- **TASK DESCRIPTION**: All of the data must be written out verbatim, with pictures excluded.

- **GIVEN DATA**:
━━━
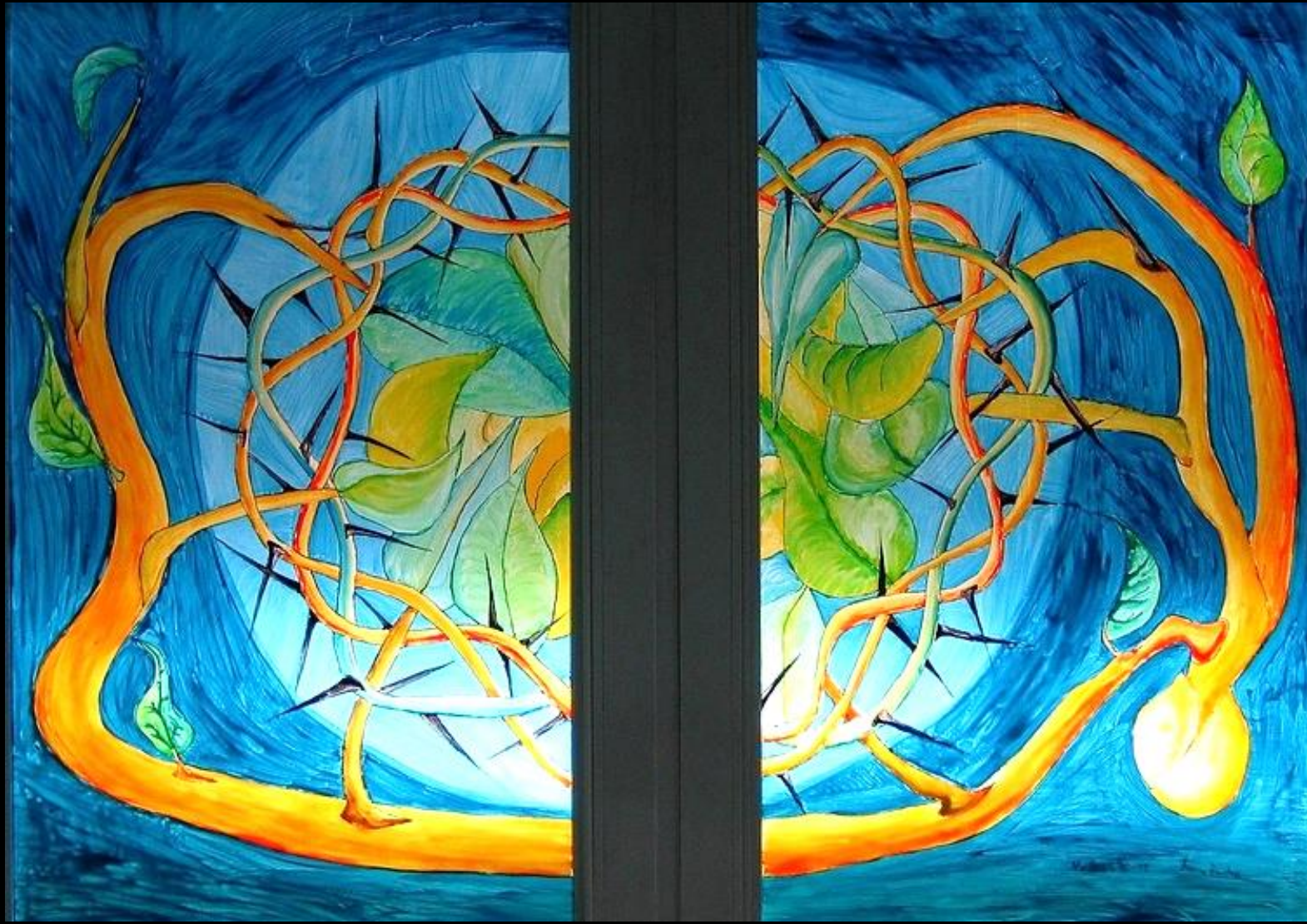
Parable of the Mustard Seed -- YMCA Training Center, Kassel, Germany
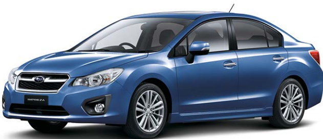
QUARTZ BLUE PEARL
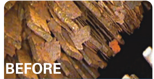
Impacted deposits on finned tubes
━━━
- **RESPONSE BOX**:
Parable of the Mustard Seed -- YMCA Training Center, Kassel, Germany
QUARTZ BLUE PEARL
Impacted deposits on finned tubes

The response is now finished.